By the time we are writing this tutorial, the latest version of PrimeKG (`kg.csv`) is `2.1`.

First of all, we need to import necessary libraries as follows:

In [None]:
# Import necessary libraries
import sys
sys.path.append('../../..')
from aiagents4pharma.talk2knowledgegraphs.tools.primekg_loader import PrimeKGData, PrimeKGLoaderInput, PrimeKGLoaderTool

### Load PrimeKG

The `PrimeKGLoaderTool` allows to load the data from the Harvard Dataverse server if the data is not available locally. 

Otherwise, the data is loaded from the local directory as defined in the `local_dir` parameter set in `PrimeKGData`.

In [None]:
# Define primekg data by providing a local directory where the data is stored
primekg_data = PrimeKGData(local_dir="../../../../data/primekg_test/")

# Define primekg loader input by providing the primekg data
loader_input = PrimeKGLoaderInput(data=primekg_data)

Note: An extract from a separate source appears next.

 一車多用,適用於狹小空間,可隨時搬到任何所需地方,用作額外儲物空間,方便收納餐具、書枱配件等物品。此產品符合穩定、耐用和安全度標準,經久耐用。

To load the dataframes of nodes and edges from PrimeKG, we just need to invoke the tool as follows.

In [None]:
# Define primekg loader tool and call run method to load the dataframes of nodes and edges
tool = PrimeKGLoaderTool()
primekg_nodes, primekg_edges = tool.call_run(loader_input.data.name,
                                             loader_input.data.server_path,
                                             loader_input.data.file_id,
                                             loader_input.data.local_dir)


### Check PrimeKG Dataframes

As aforementioned, the primekg_nodes and primekg_edges are the dataframes of nodes and edges, respectively. 

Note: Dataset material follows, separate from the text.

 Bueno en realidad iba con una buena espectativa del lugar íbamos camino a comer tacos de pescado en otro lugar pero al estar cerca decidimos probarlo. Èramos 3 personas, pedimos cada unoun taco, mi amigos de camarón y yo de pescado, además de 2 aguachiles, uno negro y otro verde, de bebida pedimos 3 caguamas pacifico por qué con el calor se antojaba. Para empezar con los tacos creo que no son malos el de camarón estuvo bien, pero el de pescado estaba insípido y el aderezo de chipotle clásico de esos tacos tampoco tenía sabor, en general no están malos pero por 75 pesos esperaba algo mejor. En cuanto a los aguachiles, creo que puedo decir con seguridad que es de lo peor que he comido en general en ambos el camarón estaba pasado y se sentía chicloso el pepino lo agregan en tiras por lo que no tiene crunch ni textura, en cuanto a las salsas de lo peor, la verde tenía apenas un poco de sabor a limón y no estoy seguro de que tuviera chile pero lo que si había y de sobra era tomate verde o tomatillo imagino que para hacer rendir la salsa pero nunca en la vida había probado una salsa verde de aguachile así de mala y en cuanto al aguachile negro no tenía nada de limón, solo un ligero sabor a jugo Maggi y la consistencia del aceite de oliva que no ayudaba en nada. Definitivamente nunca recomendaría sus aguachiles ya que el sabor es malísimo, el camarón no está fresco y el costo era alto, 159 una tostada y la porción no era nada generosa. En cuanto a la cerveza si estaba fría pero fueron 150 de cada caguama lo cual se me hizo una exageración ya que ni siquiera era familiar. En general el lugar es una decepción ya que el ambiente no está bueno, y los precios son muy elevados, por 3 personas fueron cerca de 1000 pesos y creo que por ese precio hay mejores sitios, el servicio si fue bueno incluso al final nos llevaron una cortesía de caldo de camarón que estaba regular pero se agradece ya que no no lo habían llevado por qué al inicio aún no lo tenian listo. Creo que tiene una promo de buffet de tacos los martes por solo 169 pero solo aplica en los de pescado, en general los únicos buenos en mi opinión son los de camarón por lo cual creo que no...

We can further analyze the dataframes to extract the information we need.

For instance, we can construct a graph from the nodes and edges dataframes using networkx library.

#### PrimeKG Nodes

`primekg_nodes` is a dataframe of nodes, which has the following columns:
- `node_index`: the index of the node
- `node`: the node name
- `node_id`: the id of the node (currently set as node name itself, for visualization purposes)
- `node_uid`: the unique identifier of the node (source name + unique id)
- `node_type`: the type of the node

We can check a sample of the primekg nodes to see the list of nodes in the PrimeKG dataset as follows.

In [None]:
# Check a sample of the primekg nodes
primekg_nodes.head()

The current PrimeKG has about 130K of nodes in total as we can observe in the following cell.

In [None]:
# Check dimensions of the primekg nodes
primekg_nodes.shape

 We can breakdown the statistics of the primekg nodes by their types as follows.

In [None]:
# Show node types and their counts
primekg_nodes['node_type'].value_counts()

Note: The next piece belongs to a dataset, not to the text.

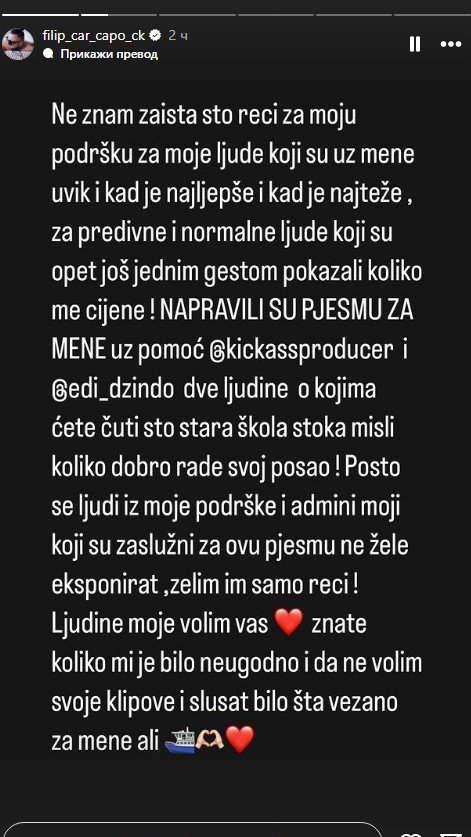 - Ne znam zaista šta da kažem za moju podršku i moje ljde koji su uvek uz mene i kada je najlepše i kada je najteže, za predivne i normalne ljude koji su opet još jednim gestom pokazali koliko me cene. Napravili su pesmu za mene... - napisao je Car.

PrimeKG was built using various sources as we can observe from their node unique sources as follows.

In [None]:
# Show source of the primekg nodes
primekg_nodes['node_uid'].apply(lambda x: x.split(':')[0]).value_counts()

#### PrimeKG Edges

`primekg_edges` is a dataframe of edges, which has the following columns:
- `node_source_index`: the index of the source node
- `node_source`: the name of the source node
- `node_source_uid`: the unique identifier of the source node
- `node_target_index`: the index of the target node
- `node_target`: the name of the target node
- `node_target_uid`: the unique identifier of the target node
- `edge_type`: the type of the edge

We can also check a sample of the primekg edges to see the interconnections between the nodes in the PrimeKG dataset as follows.

In [None]:
# Check a sample of the primekg edges
primekg_edges.head()

The current PrimeKG has about 8.1M of edges in total as we can observe in the following cell.

In [None]:
# Check dimensions of the primekg nodes
primekg_edges.shape

 We can breakdown the statistics of the primekg edges by their types as follows.

In [None]:
# Show edge types and their counts
primekg_edges['edge_type'].value_counts()